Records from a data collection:
-=-=-
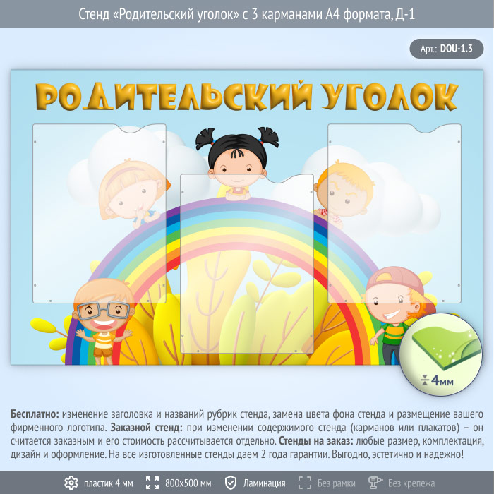 Стенд «Родительский уголок» с 3 карманами А4 формата (DOU-1.3) в Кызыле купить
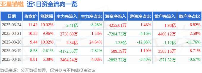 消息,亞星錨鏈3月24日漲停收盤(pán),收盤(pán)價(jià)11.42元。該股于9點(diǎn)30分漲停,3次打開(kāi)漲停,截止收盤(pán)封單資金為3321.53萬(wàn)元,占其流通市值0.3%。
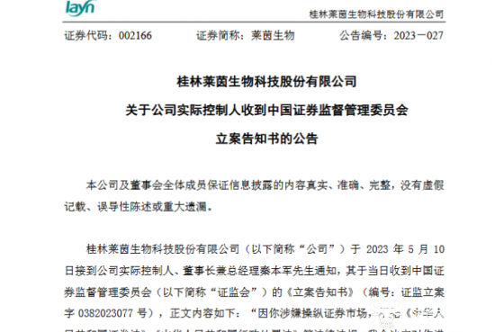 运营商财经网从莱茵生物在5月11日发布的公告中获悉,莱茵生物在5月10日时收到了秦本军的通知,他在当日收到了中国证券监督管理委员会的《立案告知书》。而秦本军被立案调查的原因是,涉嫌操纵证券市场。
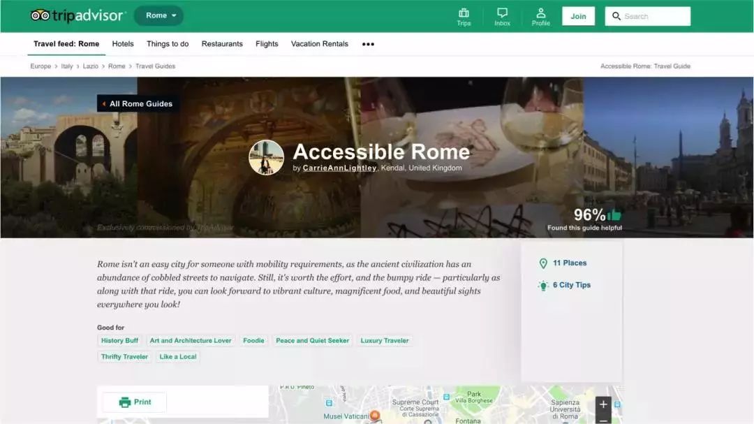 在上面我们还可以找到这个城市的无障碍指南,他们也会召集地区里经验丰富的残障旅行者,来撰写这样的无障碍城市指南,特别是本地吃喝玩乐的信息,也就是旅游景点、网红餐厅之类的信息。
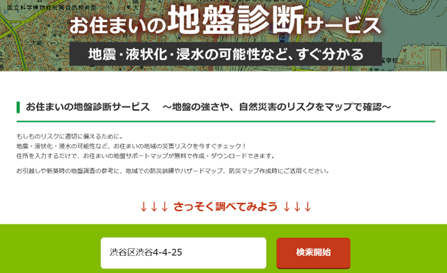 こくみん共済 coop の公式サイトで公開している、住まいの住所を入力いただくだけで、地震・液状化・水害の可能性を診断できる「地盤診断サービス」を体験できるコーナーを設置。
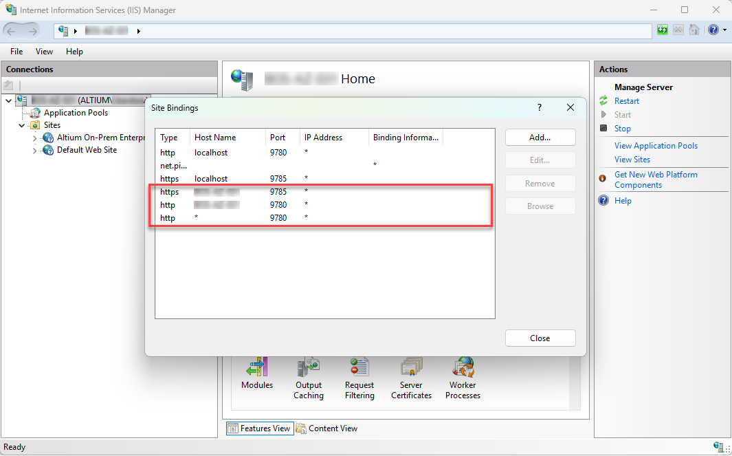 Configuration changes made by your IT department to the server hosting Altium Enterprise Server (AES) can lead to functionality issues if AES is not properly set up. This article outlines common symptoms and provides guidance on verifying and correcting key configuration files and IIS bindings.
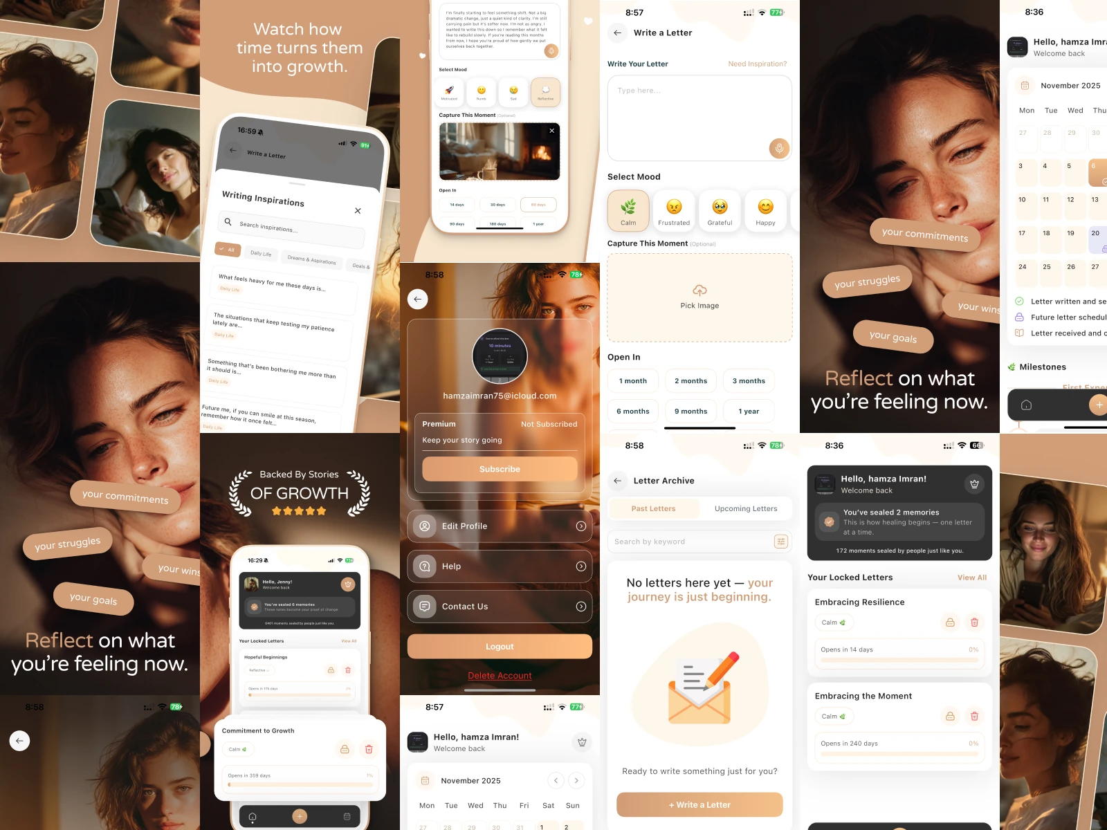 FutureNote is an intimate digital time capsule that enables users to write heartfelt messages to their future selves. The app transforms personal reflection into a meaningful journey of growth, allowing users to capture their current struggles, hopes, and memories, then seal them away to be discovered months or years later. When these letters unlock, users gain a powerful perspective on how far they've come and what they've overcome.
-=-=-
WHAT TO WORK ON: Repeat, exactly and with no pictures, each line from the line that holds "运营商财经网从莱茵生物在5月" through the last line of the records above.

WRITTEN RESPONSE:
 运营商财经网从莱茵生物在5月11日发布的公告中获悉,莱茵生物在5月10日时收到了秦本军的通知,他在当日收到了中国证券监督管理委员会的《立案告知书》。而秦本军被立案调查的原因是,涉嫌操纵证券市场。
 在上面我们还可以找到这个城市的无障碍指南,他们也会召集地区里经验丰富的残障旅行者,来撰写这样的无障碍城市指南,特别是本地吃喝玩乐的信息,也就是旅游景点、网红餐厅之类的信息。
 こくみん共済 coop の公式サイトで公開している、住まいの住所を入力いただくだけで、地震・液状化・水害の可能性を診断できる「地盤診断サービス」を体験できるコーナーを設置。
 Configuration changes made by your IT department to the server hosting Altium Enterprise Server (AES) can lead to functionality issues if AES is not properly set up. This article outlines common symptoms and provides guidance on verifying and correcting key configuration files and IIS bindings.
 FutureNote is an intimate digital time capsule that enables users to write heartfelt messages to their future selves. The app transforms personal reflection into a meaningful journey of growth, allowing users to capture their current struggles, hopes, and memories, then seal them away to be discovered months or years later. When these letters unlock, users gain a powerful perspective on how far they've come and what they've overcome.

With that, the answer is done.